The combination of for profit hospitals and the advent of contract medical practice management groups (particularly in emergency medicine, hospitalist medicine and radiology) combined to erode away at the corporate practice of medicine laws to where even though the laws are still on the books, suits to enforce it are now routinely defeated. Today, in addition to emergency room physicians, radiologists, surgeons, hospitalists, and anesthesiologists are more likely to be employees than owners of a practice.
In recent times, health care costs have skyrocketed to 17% of our economy, while 50 million Americans went without insurance.

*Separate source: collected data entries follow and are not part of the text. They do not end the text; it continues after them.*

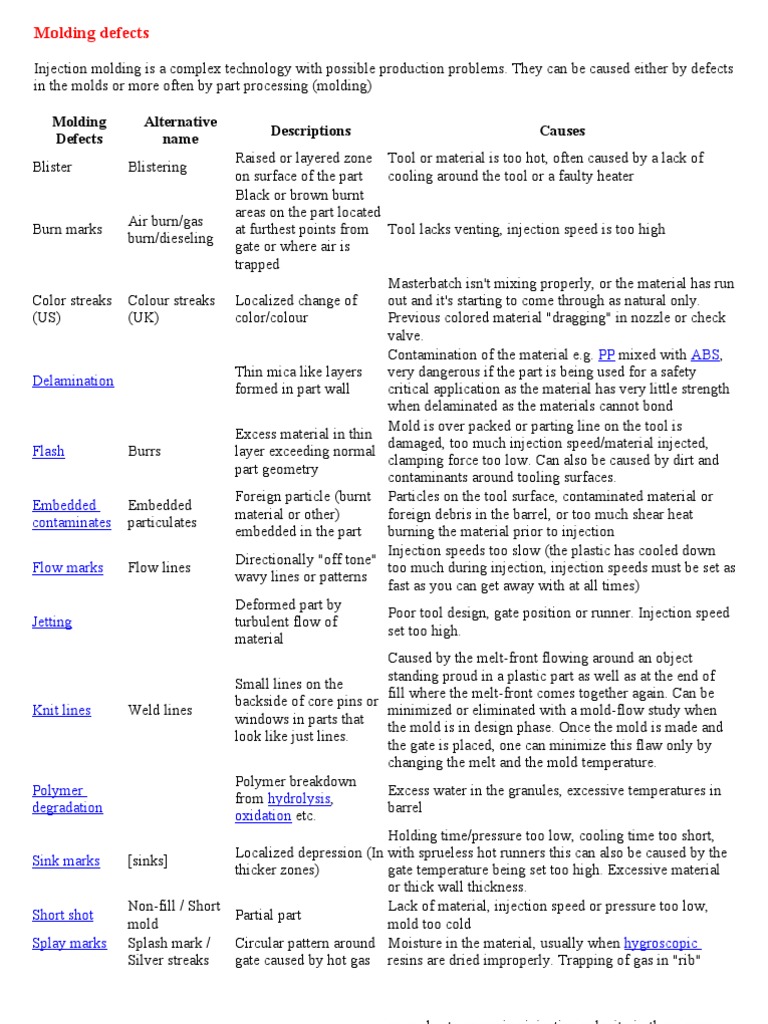 Injection molding is a complex technology with possible production problems. They can be caused either by defects
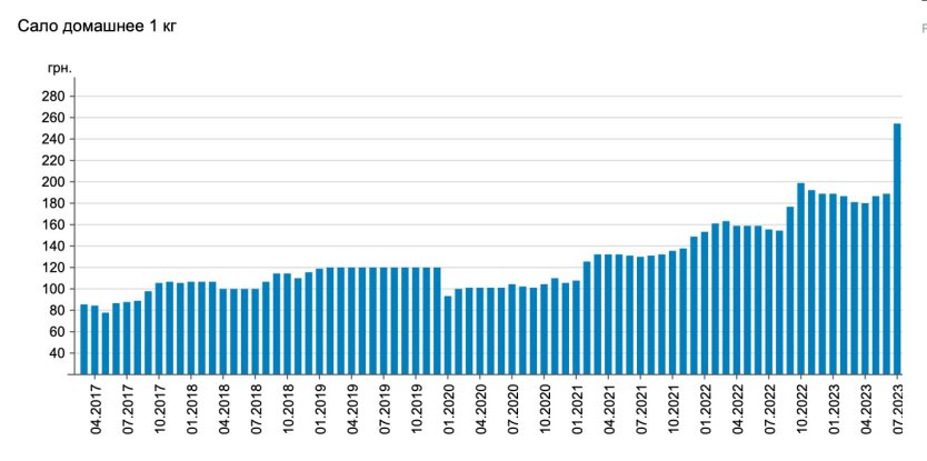 На прилавках середня вартість на солоне сало також зросла – до 262,70 грн/кг.Згідно з графіком середньомісячних цін, у липні спостерігається різкий стрибок ціни до рекордної (з 2017 року), а місяцем раніше – середня вартість становила 189,00 грн/кг.
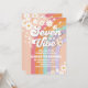 Celebre com um estilo descolado com este convite de aniversário retrô com arco-íris, apresentando margaridas, sinais de paz, borboletas e rostos sorridentes. Perfeito para festas infantis, este design inspirado nos anos 70 combina cores pastéis vibrantes com tipografia lúdica para definir o clima para uma celebração divertida. Personalize com os detalhes da sua festa e faça o aniversário do seu filho inesquecível. Ideal para festas de aniversário com tema retrô, hippie ou arco-íris, este convite adiciona um clima alegre e nostálgico que os convidados vão adorar.
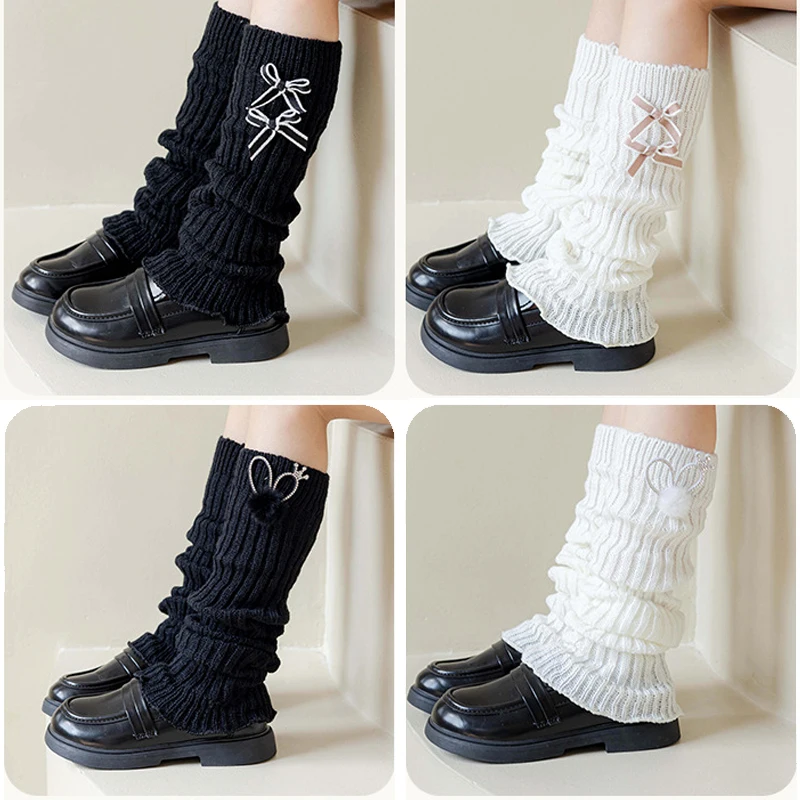 Korean Calf Knee High Long Leggings Sock for Kids Girls Bow Rabbit Ears Children Pile Stockings Cotton White Black Leg Warmers
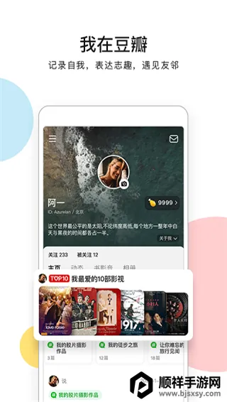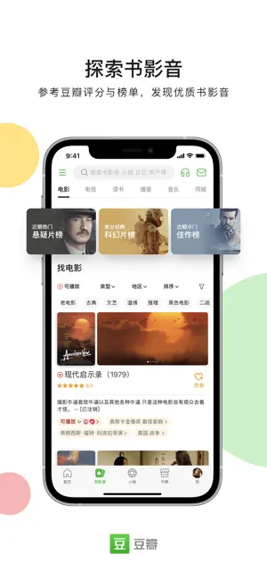 豆瓣是一个充满魅力的文化生活社区。它汇聚超8800万真实用户,覆盖电影、电视剧、图书、音乐等全品类内容。在这里,每部作品都有真实观众打分评论,评分客观可信。无论是资深影迷书虫乐迷,还是文化探索者,都能找到值得信赖的参考、志同道合的伙伴和激发灵感的内容。豆瓣小组让你找到兴趣相投的人,深入讨论寻找共鸣。豆瓣集市能分享好物。在这里,世界更开阔,自我能自在生长,绝对是文化爱好者的好去处。
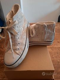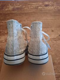 Vendo come in foto scarpe bianche con ricamo bianco e argento n. 34. Indossate per solo due occasioni.

Meanwhile, the combination of a shortage of primary care physicians and for-profit entities’ desire to cut costs has led to the development and proliferation of alternative, less costly methods of paying individuals to provide health care. Most notably, this has included the development of advance practice nurses (e.g. nurse practitioners and nurse anesthetists – instead of family doctors and anesthesiologists). Similar interest in cost savings has led to nurses assuming senior managerial positions in hospitals instead of MBA-type executives.
It is against this backdrop that the Patient Protection and Affordable Care Act (aka ‘Obamacare’) passed, seeking to infuse 30 million more paying patients into the primary care arena. With ongoing physician shortages unable to meet this demand, and with there being downward cost pressure on salaries due to the goals of the ACA and desires of corporations, it’s reasonable to predict that we will see a dramatic increase in primary care nurse practitioners (NPs) and physician assistants (PAs), which will lead to further abandonment of primary care as a physician specialty.
Meanwhile, nurses have stepped up to fill the void.  In addition to the ongoing advancement of Nurse Practitioners, nurses have successfully lobbied for and created a new provider entity: ‘The Doctorate in Nursing Practice’. It is important to note that NPs and PAs can successfully treat about 85% of the things physicians routinely see. Quality concerns aside, it is an important public health consideration that additional healthcare professionals and health options are being established to fill the need of care for tens of millions of individuals more likely to use the healthcare system.
Meanwhile, regarding your doctors, a conceivable end result is physicians are being marginalized in virtually every aspect of health care. It is easy to see a future in health care 25 years from now where cost concerns have been addressed by nurses having replaced physicians in more specialties than just primary care and anesthesia, and nurses have more control of the hospital apparatus than physicians. Physicians remain oblivious to what’s happening under their noses and an insufficient interest in contributing to healthcare solutions in the ways nurses have. The Straight, No Chaser perspective is given the large segments of society that continue not to have access to care (even with implementation of the Affordable Care Act, it is estimated that 20 million American still won’t have insurance), new innovative options to address these needs are welcome and have a place in the system. What’s next is for society to ensure that this transition occurs with appropriate quality controls and public education.